I have a friend whose adopted brother is in prison. I do not know the details of his crime. He suffers from fetal alcohol syndrome, had an overbooked public defender not do a very good job of defending him, and will spend the next eleven years away from his family in a very frightening and confusing place. The prison has taken him off all his medication. It is policy. Yet, he is held accountable for the behavior that was formerly modified by the medication. My friend, a former lawyer, tried to intercede for her brother but was stymied by the system. In the end her brother, who often takes responsibility for things that are not entirely his fault (a problem that has continued to place him on the wrong side of several situations in prison), pled guilty on the recommendation of his overworked public defender.

Now my friend and her family have the unpleasant task of walking through the next eleven years feeling frustrated, helpless, and at the mercy of a heartless penal system. Her brother may eventually learn the ropes of prison life. But, it is more likely that the manifestations of his mental deficiencies will continue to get him into trouble and he will suffer from periodic bouts of privilege loss. What the long term toll of this situation will be is anyone’s guess.

About a month ago my friend shared with several others her struggle with the enormous task of keeping her family emotionally afloat and her brother’s spirits lifted.  She asked us to consider praying for and writing to her brother one day a month, saying that in exchange she would pray for us. I immediately agreed. My first letter and second day of prayer will be on the second of June. Her request was for a year’s commitment but I suspect many of us will gladly continue beyond that point.

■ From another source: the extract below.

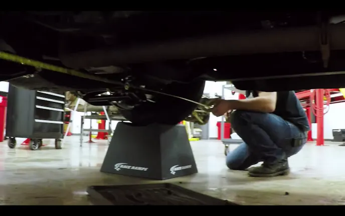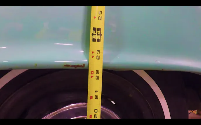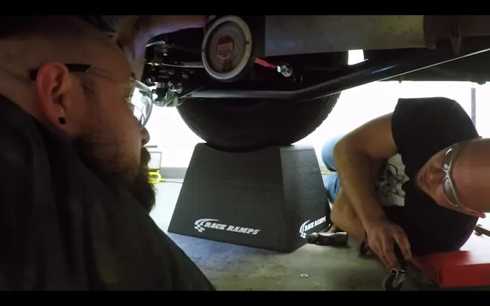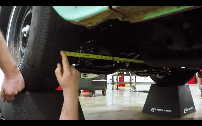 One of the first adjustments to make is to set ride height. Next, you’ll want to measure the camber to ensure it is within the window of negative 1/2-degree to negative 1-degree. To measure camber, Damien uses a small chain magnetically affixed to the fender.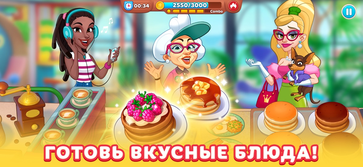 — Кулинарное безумие на игровых уровнях: играйте, готовя вкуснейшие блюда разных кухонь мира;

Again, something about being a blessing reverses the process so the one who blesses is actually blessed as well.  Perhaps it is my friend‘s promise of prayer but I feel encouraged and refreshed simply anticipating my part in this adventure.

I did a little research the other day, after my friend asked me to pray for and write to her brother. An estimated 80 percent of prisoner inmates do not have regular contact with the outside world. That leaves only 20 percent who hear or get visits from home with any kind of consistency. Something is wrong with this picture when you consider nearly 70 percent of the U. S. adult population profess to be Christian. A quick check online revealed that prison prayer ministries do exist. Most are connected to in-house prison ministries that include Bible studies and chapel services. Some also include a pen pal component. Additional pen pal opportunities exist as well. I have not personally check any of these ministries out further so I cannot make any specific recommendations. Still, my point stands; we have an opportunity to be light in the dark world of a prison simply by writing a letter and praying for someone once a month. Think about it, especially if you are a stay at home mom, a retired person, or just someone who only has a little time to give but has not found a ministry that just needs a little bit of time.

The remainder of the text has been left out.